Since the earliest days of communication, clever minds have devised methods for enciphering messages to shield them from prying eyes. Today, cryptography has moved beyond the realm of dilettantes and soldiers to become a sophisticated scientific art—combining mathematics, physics, computer science, and electrical engineering. It not only protects messages, but it also safeguards our privacy. From email to banking transactions, modern cryptography is used everywhere. But does it really protect us? What took place was a discussion of cryptography’s far-reaching influence throughout history (from Julius Caesar’s reign to Julian Assange’s WikiLeaks), and the ways in which it—and our privacy—are constantly under assault today as threats lurk behind IP addresses, computational power increases, and our secrets move online.
More from this series: Keeping Secrets
Josh Zepps is a correspondent for Bloomberg TV’s Energy Now, reporting on the future of energy and the environment. His show on Discovery Science Channel, Brink, took an irreverent look at the latest breakthroughs on the brink of changing our lives. His one-hour science specials continue to air on Discovery around the world.
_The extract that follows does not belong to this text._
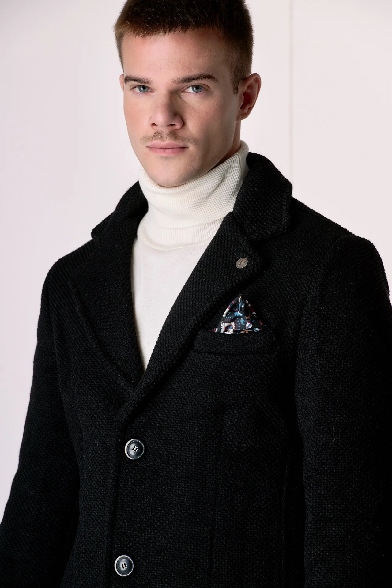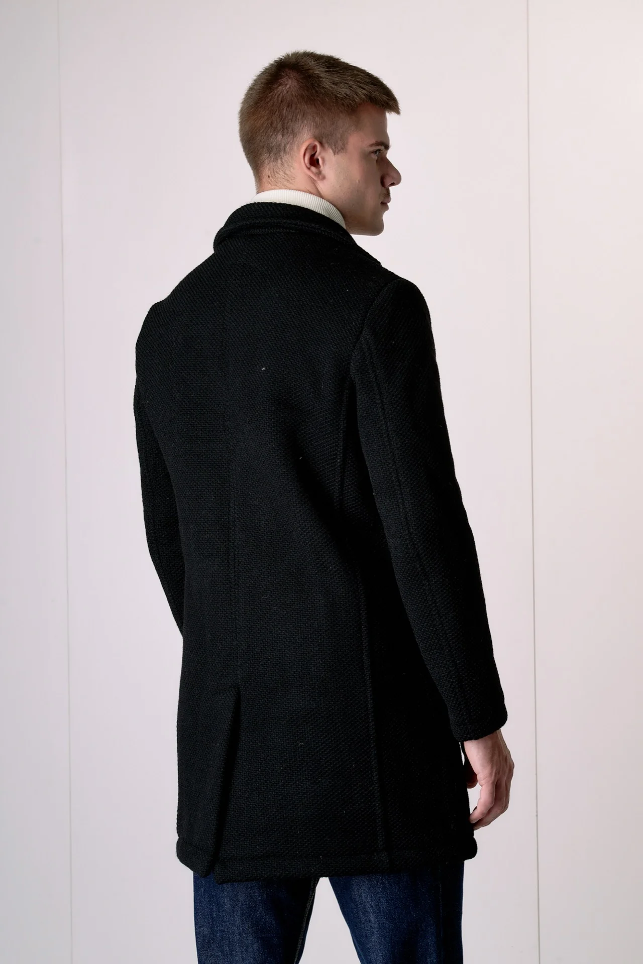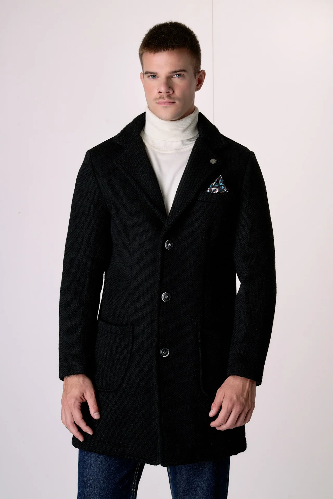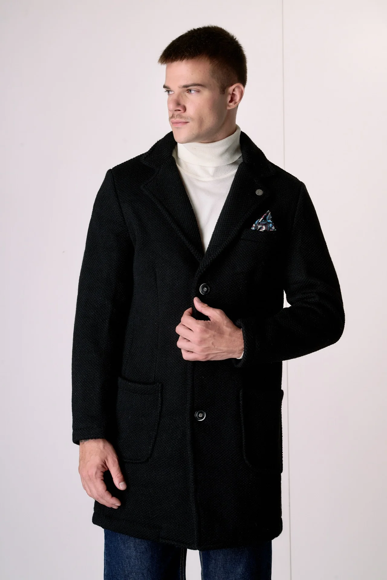 Cappotto Monopetto punto riso Nero con fodera interna e pochette in Tessuto V2

In his native Australia, Josh Zepps earned radio’s highest prize, a Commercial Radio Award, for his syndicated daily radio sketches satirizing culture and politics. His new audio podcast, Fascinating Crap with Josh Zepps & Friends, takes a funny look at science and creativity. It is available for free on iTunes.
Recognized mathematician and computer scientist Brian Snow’s early work spans from teaching mathematics and laying the groundwork for a computer science department at Ohio University in the 1960’s, to working as a cryptologic designer and architect at the National Security Agency (NSA) in the 1970s. In the 1980s, he helped create and manage NSA’s Secure Systems Design division, contributing to nuclear command and control systems and developing tactical radios for the battlefield. Several patents, awards, and honors attest to his creativity.
Snow’s later contributions included serving as NSA’s senior technical director in three major mission components: research directorate (1994-1995); information assurance directorate (1996-2002), and directorate for education and training (2003-2006).
Throughout these years, Brian maintained this steadfast credo: “Managers are responsible for doing things right. Technical Directors are responsible for finding the right things to do.” A leading voice for always assessing the unintended consequences
of success and failure prior to taking action, Snow insisted that NSA’s role in providing intelligence should never put citizens or their rights at risk.
After retiring in 2006, Snow is now a security consultant and ethics advisor.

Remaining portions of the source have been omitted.